8.4 The Company accepts no liability of any nature for loss, damage, death or injury — including consequential loss or loss of profit — arising from the use or delivery of goods prepared, manufactured or dispatched to the Customer’s specifications, including claims relating to intellectual property infringement, product defect or unsuitability. The Customer agrees to indemnify the Company in full against all claims, costs, damages and legal expenses arising from the Customer’s use of the goods or associated services.

8.5 Goods are supplied subject to the chemical, mechanical and physical standards of the original manufacturer, and carry only such warranty as that manufacturer specifies. The Company provides no warranty beyond this.

8.6 The Company will take reasonable care of any tools or models supplied by the Customer. Such tools and models remain the Customer’s responsibility for insurance purposes, and repair costs are to be borne by the Customer.

9. ADVICE

Subject to Clause 8, any advice, recommendation, information, assistance or service provided by the Company regarding the use or application of goods is given in good faith and without liability.
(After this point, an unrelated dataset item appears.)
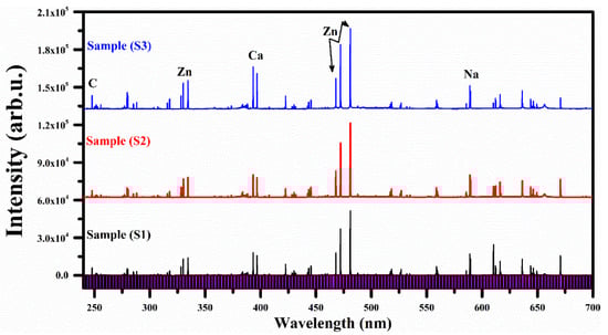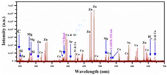 The emission spectra of the three plant-biochar samples were registered at optimized experimental conditions, including 90 mJ laser pulse energy, 0.018 GW power, 10 cm focal length of the laser beam focusing convex lens, 2 mm distance from the plasma plume to the light collecting lens and the target surface was held perpendicular to the laser light beam. The laser pulse was collimated onto the pallets of the target samples to produce the plasma at a ~90 mJ laser energy. The plasma optical emission spectrum from the laser-generated plasma was captured using a CCDs spectrometer. The spectrum was further investigated by labeling the spectral lines identified using the National Institute of Standards and Technology (NIST) database [32] and LIBS info [33]. The optical emission spectral lines of various elements with different line intensities were detected in the emission spectra of the plant-biochar samples, whereas rich emission lines of zinc (Zn) around 325 nm and 475 nm were identified in all three samples. Therefore, only one spectrum in the wavelength range from 240–700 nm is presented in Figure 2, which shows the strong as well as weak emission lines, including elements lithium (Li), hydrogen (H), sodium (Na), calcium (Ca), aluminum (Al), iron (Fe), carbon (C), strontium (Sr), zinc (Zn), and silicon (Si), along with a multiplet cluster of singly ionized magnesium (Mg II), due to the 3p 2P1/2,3/2 → 3s 2S1/2 and 3d 2D3/2,5/2 → 3p 2P1/2,3/2 transitions. The detected emission spectral lines of various elements present in the plant biochar sample (S1) are enlisted in Table 1.

The Customer is responsible for independently verifying the accuracy and suitability of such information for its intended purposes.

10. CONSIGNMENT STOCK

Goods are supplied on a consignment basis only where this is expressly confirmed in writing by the Company and is subject to a separate Agreement.
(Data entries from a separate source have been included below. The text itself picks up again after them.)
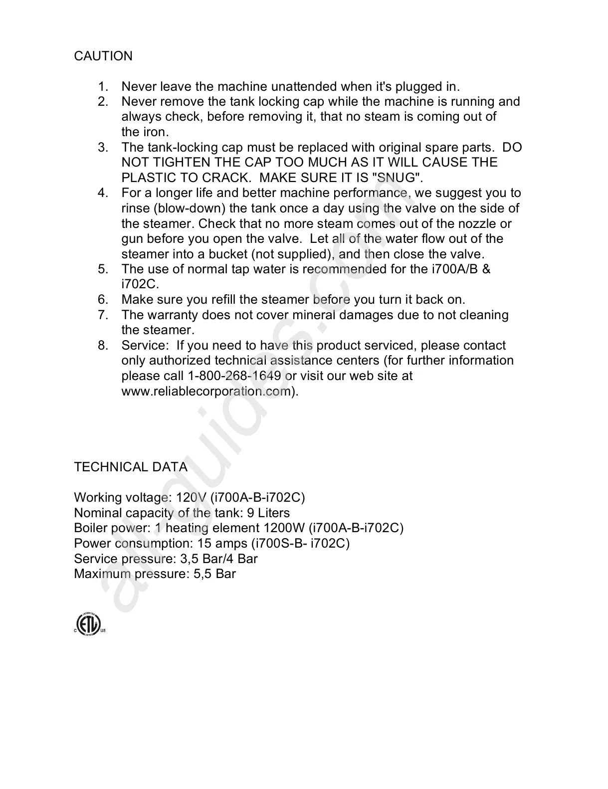 Boiler power: 1 heating element 1200W (i700A-B-i702C)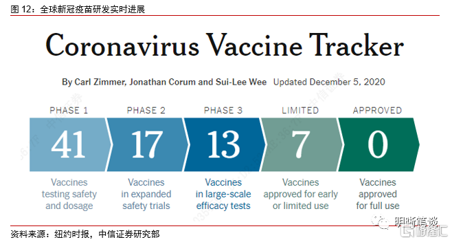 对于近期海外市场需要关注的第三个重点我们认为是新冠疫苗研发的进展情况。根据《纽约时报》披露的新冠疫苗实时跟踪数据,当前全球进入临床三期的疫苗共计13款。根据各医药公司披露的数据,如Moderna和BioNTech、辉瑞、复星研制的两款疫苗有效率均达到90%以上。对于近期海外市场需要关注的第三个重点,我们认为是新冠疫苗的进展情况。根据《纽约时报》Coronavirus Vaccine Tracker专栏对于新冠疫苗研发进展的实时数据追踪,当前进入临床三期的新冠疫苗共有13款。新冠肺炎疫情出现到现在已经过了接近一年时间,新冠疫苗的研制也已经过了一段时间。近阶段有关新冠疫苗的积极消息频频出现,如11月18日由BioNTech、辉瑞和复星联合研制的新冠疫苗三期临床最终结果显示,这一款新冠疫苗的有效率高达95%。两周之后,11月30日美国疫苗公司Moderna发布疫苗临床试验的最终数据,数据显示疫苗对于新冠病毒感染的防范有效率达到94.1%。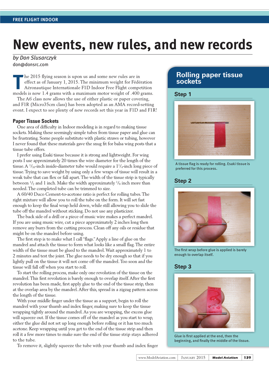 The A6 class now allows the use of either plastic or paper covering and F1R (Micro35cm class) has been adopted as an AMA record-setting event. I expect to see plenty of new records set this year in F1D and F1R!

11. PERSONAL PROPERTY SECURITIES ACT (PPSA)

11.1 The Customer acknowledges that the supply of goods gives rise to a security interest as defined under the PPSA, and the Company may exercise all rights available to it under the contract and the PPSA.

11.2 The Company may register its security interest on the PPSR at any time, including before that interest attaches to the goods.

11.3 The Company may register a Purchase Money Security Interest (PMSI) as defined under section 14 of the PPSA, including for commercial consignments, and is entitled to register the relevant Financing Statement to secure its interest.

11.4 The Company’s security interest secures all amounts owed by the Customer for goods supplied and all proceeds of those goods, in accordance with Clause 6.

11.5 The Customer agrees to provide all reasonable assistance to facilitate the Company’s registration of its security interest.

11.6 The Customer waives its right to receive a Verification Statement under section 157 of the PPSA and its right to request information under section 275, except as provided in section 275(7).

11.7 Notwithstanding any provision of the PPSA including section 115, the Customer must not act in any manner inconsistent with the terms of this contract.

12. RIGHT TO TERMINATE CONTRACT

Without prejudice to its other rights and remedies, the Company may terminate or suspend all or any part of any contract with the Customer if the Customer: fails to comply with any of these Terms & Conditions; receives an unfavourable credit report; becomes insolvent; enters into any composition or arrangement with creditors; or has a manager, receiver, liquidator, provisional liquidator or administrator appointed to its business.

13. GOVERNING LAW

These Terms & Conditions and all contracts incorporating them are governed by and construed in accordance with the laws of the state in Australia in which the transaction occurred. The Customer submits to the non-exclusive jurisdiction of the courts of the state in Australia in which the transaction occurred for all matters arising out of or in connection with any such contract.